Detecting neuroinflammation with molecular MRI
Yanez Lopez, Maria (2015) Detecting neuroinflammation with molecular MRI. PhD thesis, University of Nottingham.
The work in this thesis is focused on the study of neuroinflammation with molecular magnetic resonance imaging (MRI) methods. Neuroinflammation is a response of the central nervous system to pathological insult and it is present in many neurological disorders, such as Alzheimer’s disease. Being able to image neuroinflammation non-invasively with MRI techniques would have an important clinical value for diagnosis and assessment of therapy effectiveness. The aim of this work is to develop and validate an MR biomarker of neuroinflammation using MR Spectroscopy (MRS) and chemical exchange saturation transfer imaging (CEST). First, intravenous administration of lipopolysaccharide (LPS) is used as a mild inflammatory stimulus in wild type mice and in a mouse model of Alzheimer’s disease (AD).

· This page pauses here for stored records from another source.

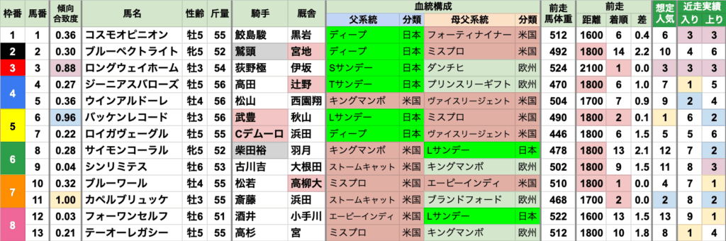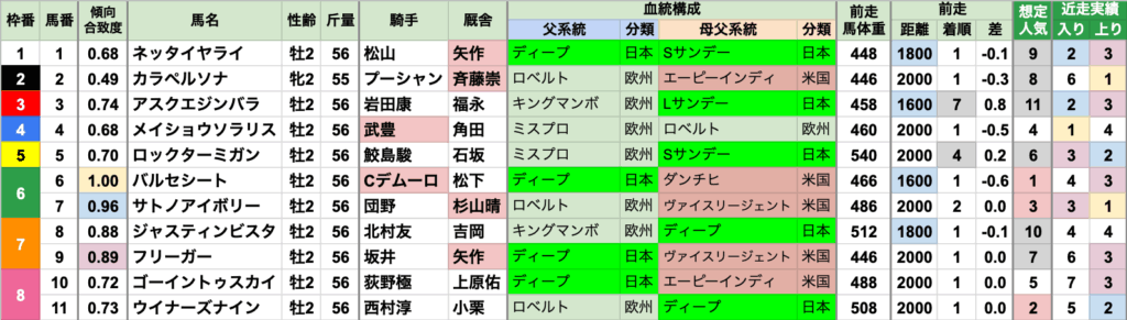 | 臨戦過程 | 前走クラスは新馬/未勝利と、オープンクラスが拮抗 前走レースの重複は野路菊Sと、京都2000mの新馬戦が2頭ずつ 前走も1着だった馬が7頭で、 オープンクラスも含めて、前走の最低着順は3着まで |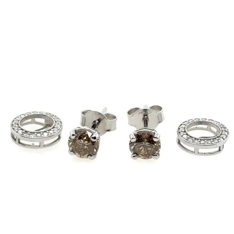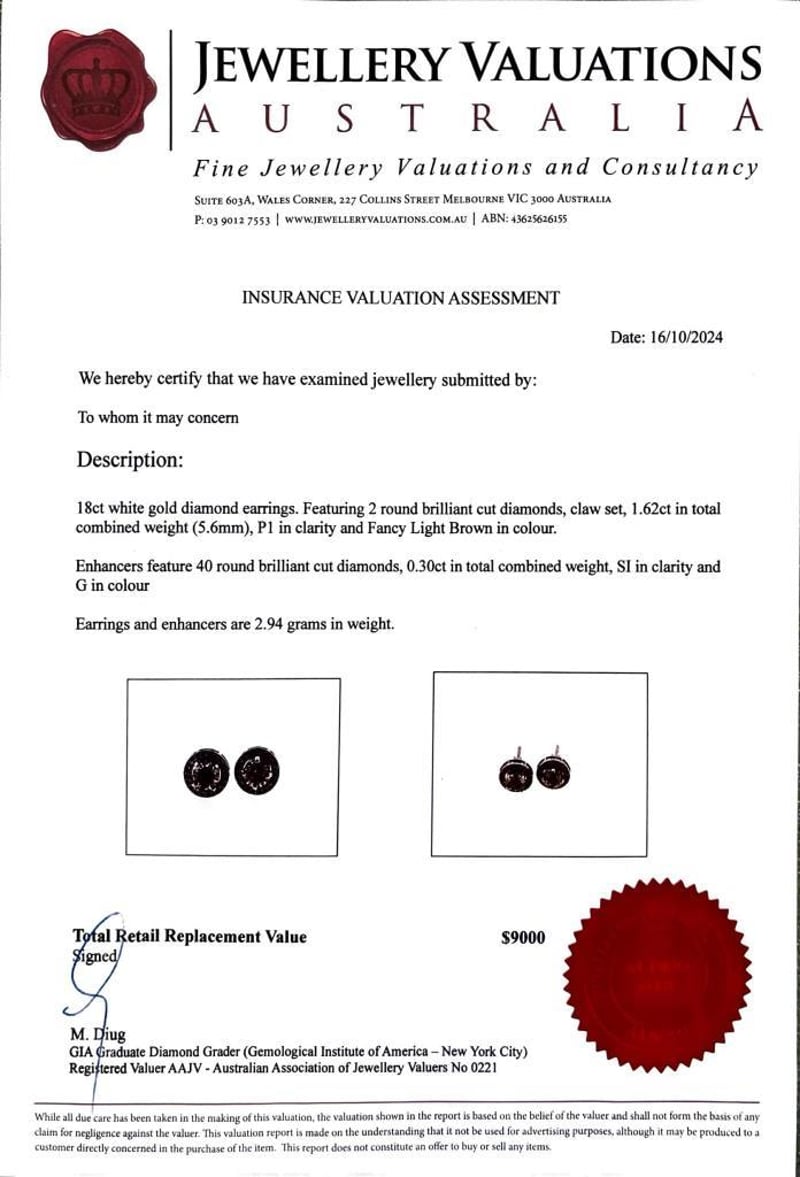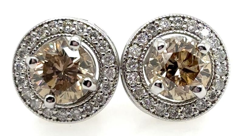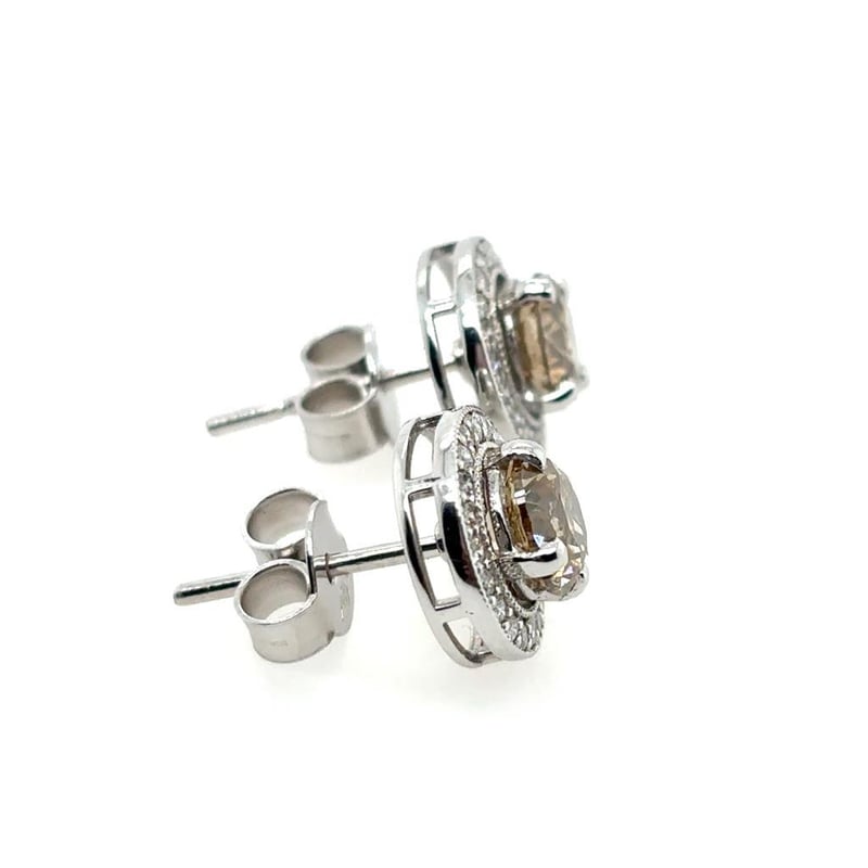 These 18Ct White Gold Earrings Feature 2 X Round Brilliant Cut Claw Set Diamonds, Measuring 5.6Mm, Tcw: 1.62, Clarity: P1, Colour: Fancy Light Brown. The Enhancers Feature 40 X Round Brilliant Cut Diamonds, Tcw: 0.30, Clarity: Si, Colour: G.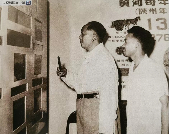 31日,毛泽东同志登上郑州邙山小顶山,察看邙山水库坝址和黄河形势。摄影师为我们留下了这历史性的一刻。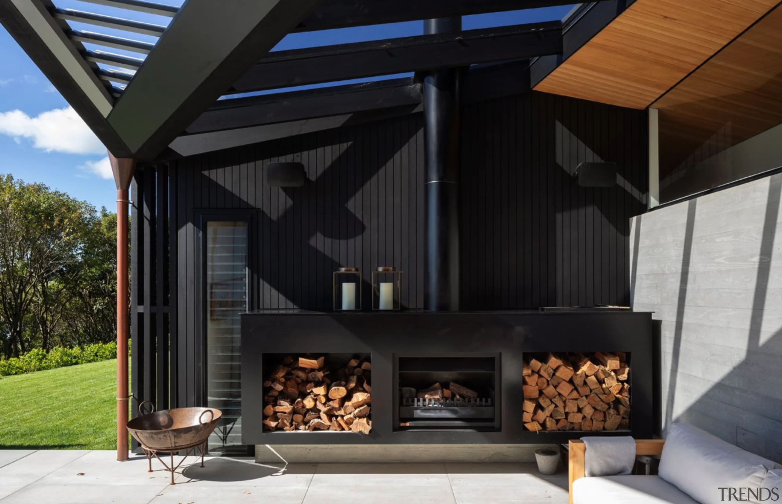 This cliff-side home is all about year round indoor-outdoor enjoyment – pride of place in the central outdoor room is a Jetmaster Alfresco Outdoor Wood Fireplace, by The Fireplace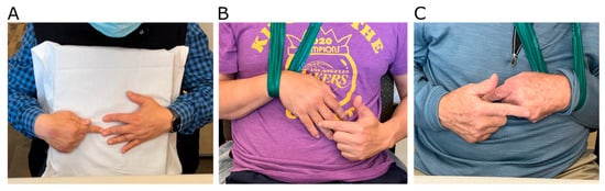 Examples of persons post stroke performing the pointing task. In Experiment 2, participants who had had a stroke sometimes could not extend the fingers of their target (hemiparetic) hand and were instructed to point to different landmarks on their hand depending on their capability. (A) Participant pointing to the fingertips while holding a foam pillow against the chest. (B) Participant pointing to the PIP joint while using an arm sling to hold his arm in a fixed position during the duration of the experiment. (C) Participant pointing to the MCP joint and using an arm sling.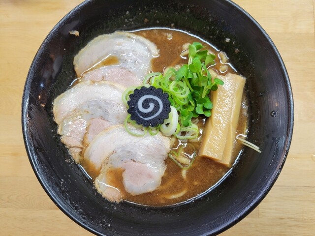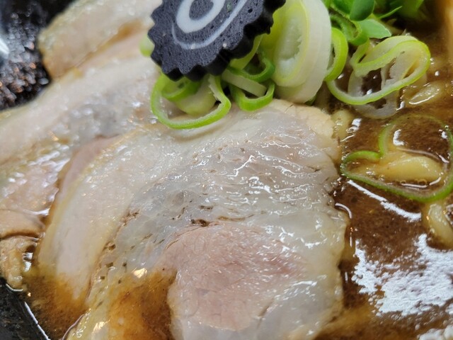 チョコレートの様な濃い茶褐色の豚骨スープが、白い器に映える。脂分がとろける薄切り豚バラチャーシューが3枚、極太ドデカ材木メンマが2本、刻み青ネギの上にナルトを飾り、粗微塵切りの玉葱を散らす。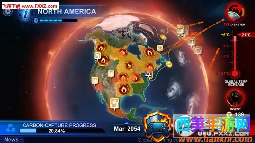 进入游戏后,主菜单新游戏选项三大板块并列。选项面板可整合语言、音效、特效参数,中文界面清晰,特效调至低档位保障流畅。北美洲地图能显示全球温度,待激活五座城市后启动投资计划。各大洲列表可点击新增住宅用地按钮投入资金,资金收益实时反馈,推动温度攀升。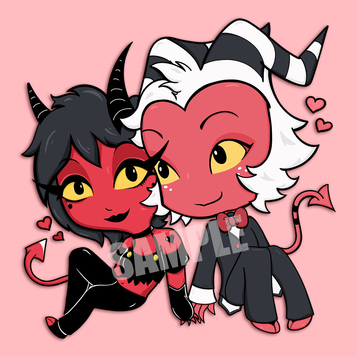 Schattige sleutelhanger met Millie en Moxxie uit Helluva Boss.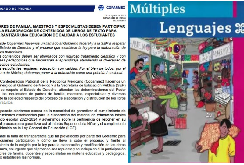 La Confederación Patronal de la República Mexicano (Coparmex) hizo un llamado al Gobierno federal y a la SEP a respetar el Estado de Derecho y el proceso que establece la ley para la elaboración de los materiales.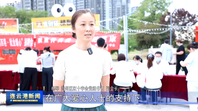 海州区红十字会党组书记、副会长 杨琴:在广大爱心人士的支持下,无数生命因及时输血得以延续。今天开展“献血传真爱、博爱送健康”主题活动,希望能吸引更多爱心人士加入献血队伍。我们也将继续致力于保障献血安全、优化服务流程,做好生命的“守护者”和爱心的“传递者”。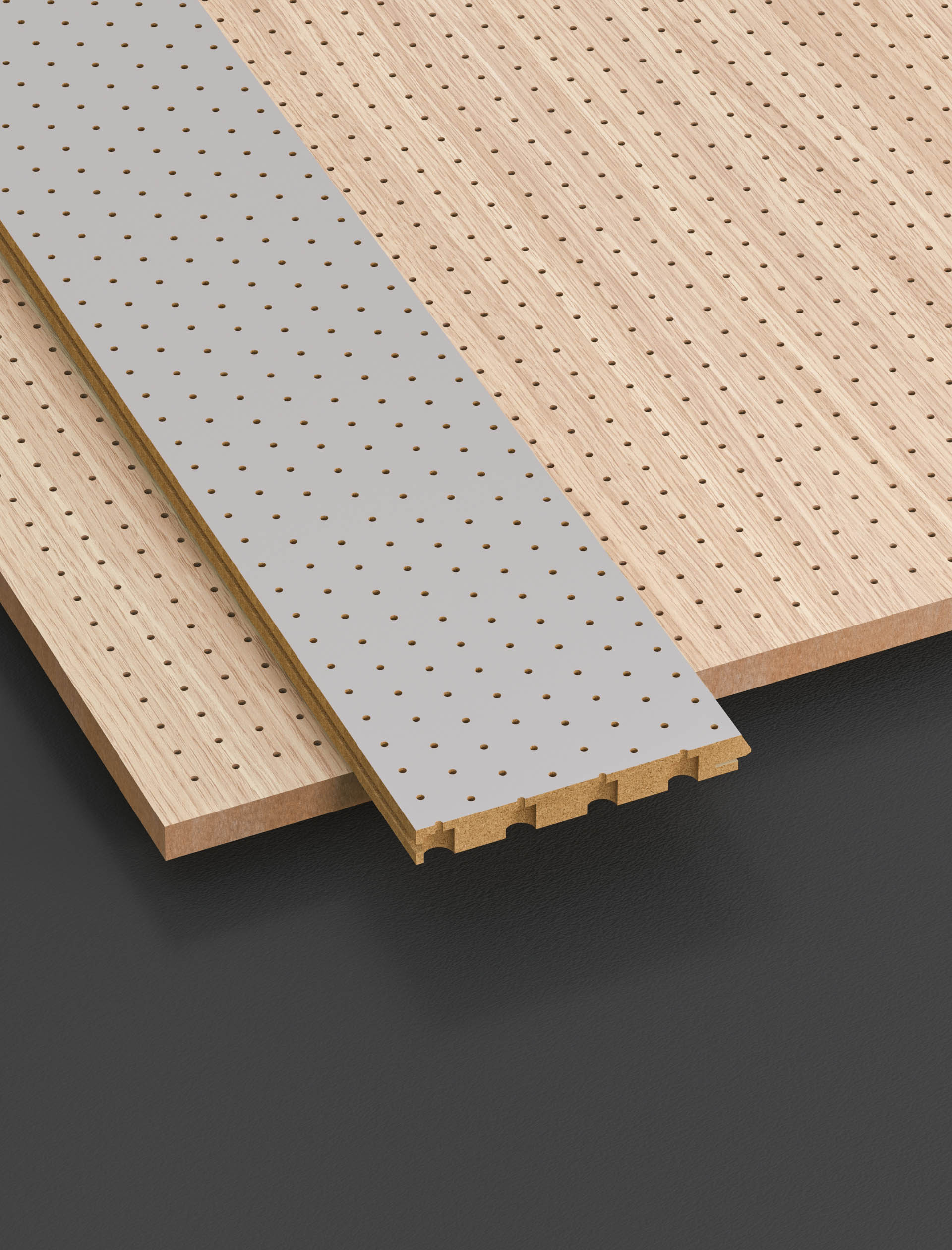 Kolme levykokoa, useita eri perforointeja ja laaja valikoima pintavaihtoehtoja tekevät modulaarisesta 4for -paneelista erinomaisen ratkaisun kaikenlaisiin suunnitelmiin ja käytännön sovelluksiin.

Elevated levels of the osmolyte myo-inositol, measured with MRS and microglia activation are found in AD mice after LPS administration. Due to the inherent low spatial resolution of MRS, a CEST MRI method is developed next. A myo-inositol CEST protocol is optimised, using Matlab simulations based on the Bloch-McConnell equations for a three pool model, in order to maximize the contrast and to estimate the amount of signal that can be expected in vivo. In vitro and in vivo tests are presented and a fast CEST sequence is developed, while the experimental difficulties and limitations of the technique are discussed. A CEST protocol is finally applied to evaluate the metabolite response to an LPS inflammatory challenge using MRS and histology as validation. A correlation is described between CEST and MRS myo-inositol levels, as well as between CEST and microglia concentration (Iba1 immunostaining), which highlight the potential of CEST as a non-invasive in vivo neuroinflammatory biomarker.